DATA PROVIDED Start Marker

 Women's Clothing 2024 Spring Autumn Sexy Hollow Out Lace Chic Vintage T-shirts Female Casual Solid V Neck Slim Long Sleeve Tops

DATA PROVIDED End Marker
DATA PROVIDED Start Marker

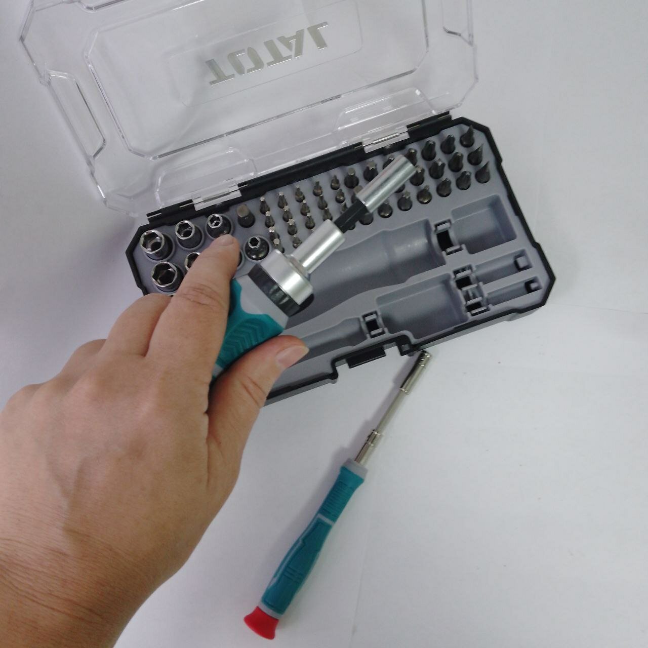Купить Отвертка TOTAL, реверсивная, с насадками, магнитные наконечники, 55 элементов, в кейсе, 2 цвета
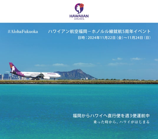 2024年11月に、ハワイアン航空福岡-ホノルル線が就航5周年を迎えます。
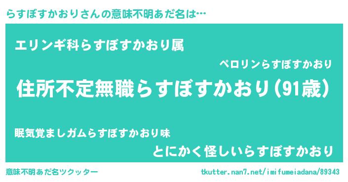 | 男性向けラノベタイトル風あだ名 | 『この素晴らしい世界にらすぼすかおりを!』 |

DATA PROVIDED End Marker
DATA PROVIDED Start Marker

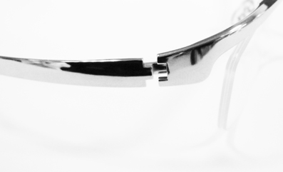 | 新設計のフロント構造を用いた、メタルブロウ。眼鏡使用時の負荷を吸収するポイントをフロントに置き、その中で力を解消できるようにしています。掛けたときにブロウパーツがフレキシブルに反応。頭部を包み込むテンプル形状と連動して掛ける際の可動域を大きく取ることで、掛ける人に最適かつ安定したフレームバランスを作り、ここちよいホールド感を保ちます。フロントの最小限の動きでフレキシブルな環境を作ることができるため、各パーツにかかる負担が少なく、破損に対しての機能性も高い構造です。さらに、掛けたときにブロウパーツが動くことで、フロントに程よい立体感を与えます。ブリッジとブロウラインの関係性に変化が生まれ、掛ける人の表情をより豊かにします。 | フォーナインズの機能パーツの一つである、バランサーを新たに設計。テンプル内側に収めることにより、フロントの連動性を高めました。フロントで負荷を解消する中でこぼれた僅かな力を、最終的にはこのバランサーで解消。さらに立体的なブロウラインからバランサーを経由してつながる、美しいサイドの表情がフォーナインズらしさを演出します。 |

DATA PROVIDED End Marker

* _BRIEF_
Beginning with the line holding "Купить Отвертка TOTAL, реверсивная, с" in the material above, restate word for word each line through the line holding "男性向けラノベタイトル風あだ名 | 『この素晴らしい世界にらすぼすかおりを!』 |", and exclude pictures.

* _EXERCISE OUTPUT_
Купить Отвертка TOTAL, реверсивная, с насадками, магнитные наконечники, 55 элементов, в кейсе, 2 цвета
 2024年11月に、ハワイアン航空福岡-ホノルル線が就航5周年を迎えます。
 | 男性向けラノベタイトル風あだ名 | 『この素晴らしい世界にらすぼすかおりを!』 |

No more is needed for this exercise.